Format: Conference Object
Language:English
Published: 2023
Subjects:
Online Access:https://gfzpublic.gfz-potsdam.de/pubman/item/item_5016032
Description
Summary:The Southern Ocean plays a fundamental role in the global carbon cycle. Physical and biogeochemical processes, including primary production and the upwelling of carbon-rich water masses, govern carbon exchange between the atmosphere and ocean carbon reservoirs. To study this region, we configured a regional East-Antarctic simulation derived from ECCO-Darwin, a global-ocean biogeochemistry model that assimilates both physical and biogeochemical observations. Our regional ocean model extends from the Antarctic Continent to 60°S and from 100°E to 150°E with horizontal grid spacing of 3–4 km.

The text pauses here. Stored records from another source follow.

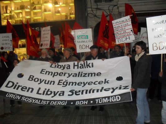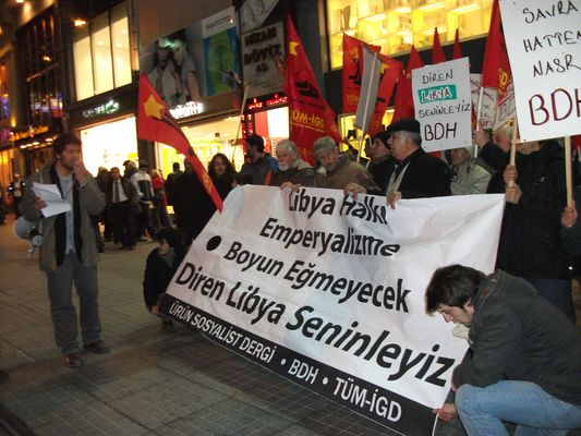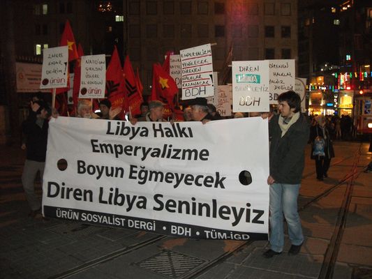 Emperyalistlerin Libya'ya gerçekleştirdiği saldırıyı protesto etmek amacıyla 22.03.2011 saat 19.00'da Ürün Sosyalist Dergi tarafından Galatasaray Tramvay Durağı'ndan Fransız Konsolosluğu'na doğru bir yürüyüş ve Fransız Konsolosluğu önünde de bir basın açıklaması gerçekleştirildi.
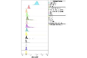 Purified antibody is conjugated with R-phycoerythrin (PE) under optimum conditions. Unconjugated antibody and free fluorochrome are removed by size-exclusion chromatography.
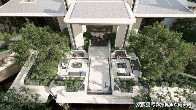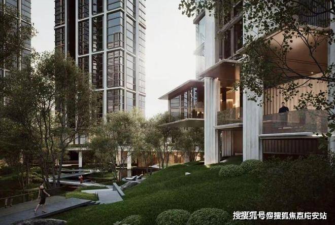 澐启滨江选择把这一切托付给“水”,也托付给一个以下沉水院为核心衍生的花园体系。它不是一个景观节点,而是一种居住哲学的具象化——在城市心脏处,以静水为引,以层层递进的自然密度,让生活回到最松弛、最深处的那一面。
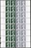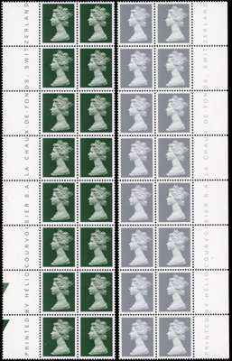 1997 undenominated Machin ‘Courvoisier Swiss’ photogravure trials on granite paper, comprising two imprint marginal blocks of sixteen (2x8) in deep green (2p) and light grey (29p) mint unmounted o.g., very fine and scarce in such positional form. SG Y1668, Y1693
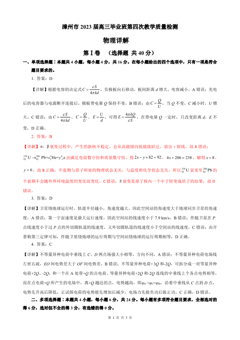 福建省漳州市2023届高三毕业班第四次教学质量检测 物理答案
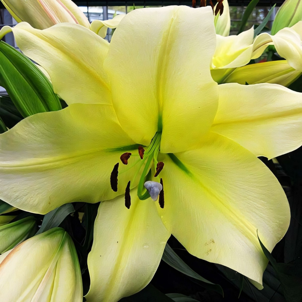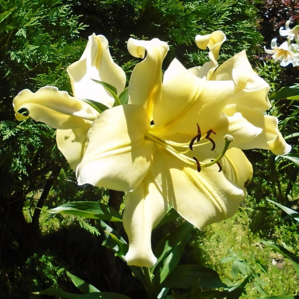 | Период цветенияиюль-август | Стандарт поставкиЛуковица в торфе | Цвет цветкаванильно-жёлтый с чёрными тычинками |
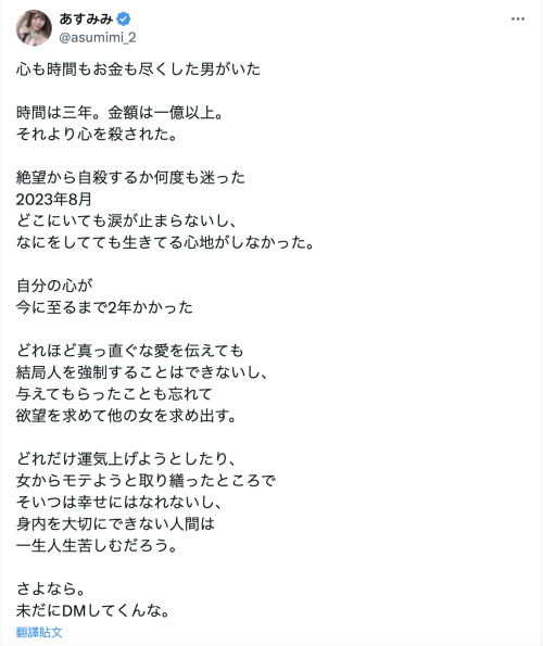 明日见未来(现在在X已经改名为あすみみ了)就告诉大家,过去两年她是碰到了什么状况:她说之前有个让她耗尽一切心力、时间和金钱的男人,在过去的三年,让她花了超过一亿日圆,她付出了这么多,换来的是「心被摧毁了」:很文博客-https://www.hinku.com/77253.html
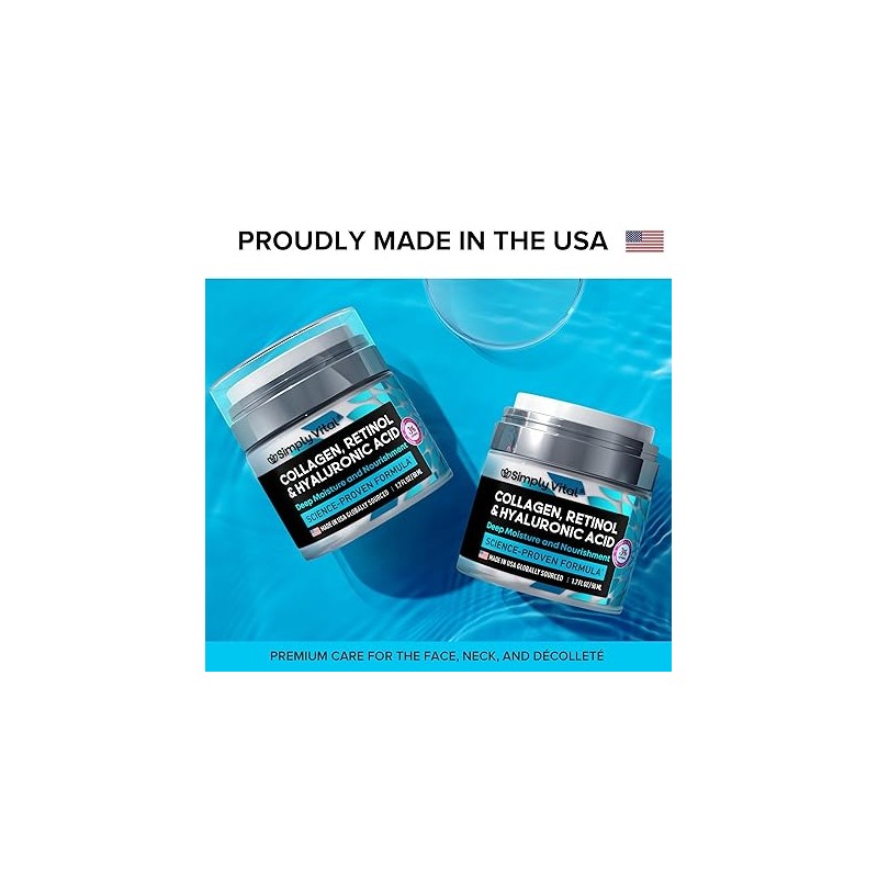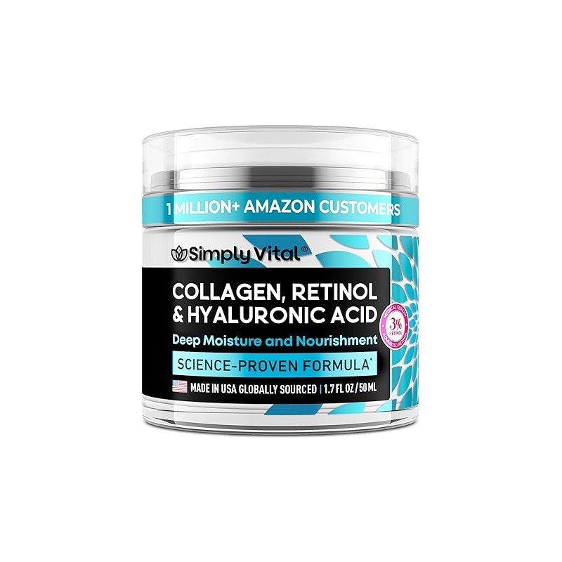SimplyVital Collagen, Retinol & Hyaluronic Acid Cream - Anti-Aging Face Moisturizer for Face, Firming Skin Care Neck & Décolleté - Made in USA, Daily Moisturizer Face Cream Day & Night - 1.7 fl.oz.

The model domain includes the Shackleton, Conger, Totten, Moscow University, Holmes, Dibble, and Mertz ice shelves. Since the biogeochemical component of ECCO-Darwin is optimized to best fit global observations, model-data agreement for the East Antarctic region requires further adjustments. For example, (1) simulated upper-100 m nutrient fields are biased high and typical Circumpolar-Deep-Water characteristics with nutrient-rich waters are not clearly simulated and (2) plankton types in the ECCO-Darwin do not include Phaeocystis, an abundant type that plays a key role in the Southern Ocean climate system. In this study, we adjust a small number of physical and biogeochemical model parameters and lateral boundary conditions to achieve improved model-data agreement. We define the cost function as a sum of weighted model-data differences based on both novel in-situ observations and further optimize our simulation using a Green's Functions approach. This work demonstrates downscaling methods for developing regional cutouts from the global-ocean ECCO-Darwin model, which allows for high-resolution coastal studies that include optimized sea ice, ocean physics, and biogeochemistry.